Vicinity Centres announced this week that 35 of its 62 directly-owned retail properties (57% by value) are in the final stages of being independently valued and the remaining properties are being internally valued, with an estimated net valuation decline for the overall portfolio of 1.3% or $202 million for the six month period to 30 June 2019.
The June valuations are subject to finalisation and audit, and will be confirmed in Vicinity’s 2019 annual results on 14 August 2019. The results reveal that income growth in the Flagship Centres (being Chadstone, CBD Assets and DFO Outlets) has grown valuations by 1.2% off the back of consistent cap rates, however the remaining portfolio has declined in value by $288M or -3.4%.
Regional and Major Regional Centres were the worst performing centres, down -4.5% in value with the future redevelopment of The Glen, Bayside, Bankstown and Chatswood Chase beginning to remove income from the assets.
The greatest impacts were in Western Australia which contributed to more than half of the estimated portfolio valuation loss, with a $130 million or -6.7% decline.
The challenging operating conditions in Western Australia, compounded by an increased competitive environment, has resulted in lower income forecasts and a softening in capitalisation rates for Vicinitys assets in WA.
Across the portfolio, cap rate movement was minimal with Neighbourhood Centres softening 3bps to 6.34% and DFO Centres 1bps softer to 5.81%. Cap rates for Regional Centres was 2bps sharper at 5.77% and Sub Regionals 5bps sharper at 6.26%.

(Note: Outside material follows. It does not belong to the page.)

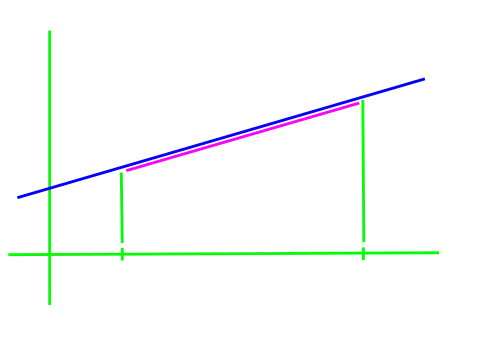 ⇒ f n L ( t ) ⏟ ∑ i = 0 n l i , n ( t ) f ( x i ) ⏟ x i = t ⇒ ∫ a b ( ∑ i = 0 n l i , n ( t ) . x i ) ⏟ d t f n L ( t ) = ∫ a b t d t ⏟ ( b 2 − a 2 ) / 2 {\displaystyle \Rightarrow {\underset {\color {blue}\sum _{i=0}^{n}l_{i,n}(t){\underset {\color {red}x_{i}}{\underbrace {\color {blue}f(x_{i})} }}}{\color {blue}\underbrace {\color {black}{f}_{n}^{L}(t)} }}={\color {red}t}\ \Rightarrow \ {\color {red}\int _{a}^{b}}{\color {blue}{\underset {{f}_{n}^{L}(t)}{\underbrace {\left({\color {black}\sum _{i=0}^{n}l_{i,n}(t).}{\color {red}x_{i}}\right)} dt}}}={\color {blue}{\underset {(b^{2}-a^{2})/2}{\underbrace {{\color {red}\int _{a}^{b}t}{\color {black}dt}} }}}}

Mr Kelley said Vicinity announced its estimated valuations earlier than 30 June to facilitate an opportunity to issue bonds in debt capital markets. “A potential bond issuance will extend our weighted average debt maturity, decrease our weighting to bank debt, and with the recent material fall in interest rates, enable us to take advantage of lower borrowing costs,” Mr Kelley said.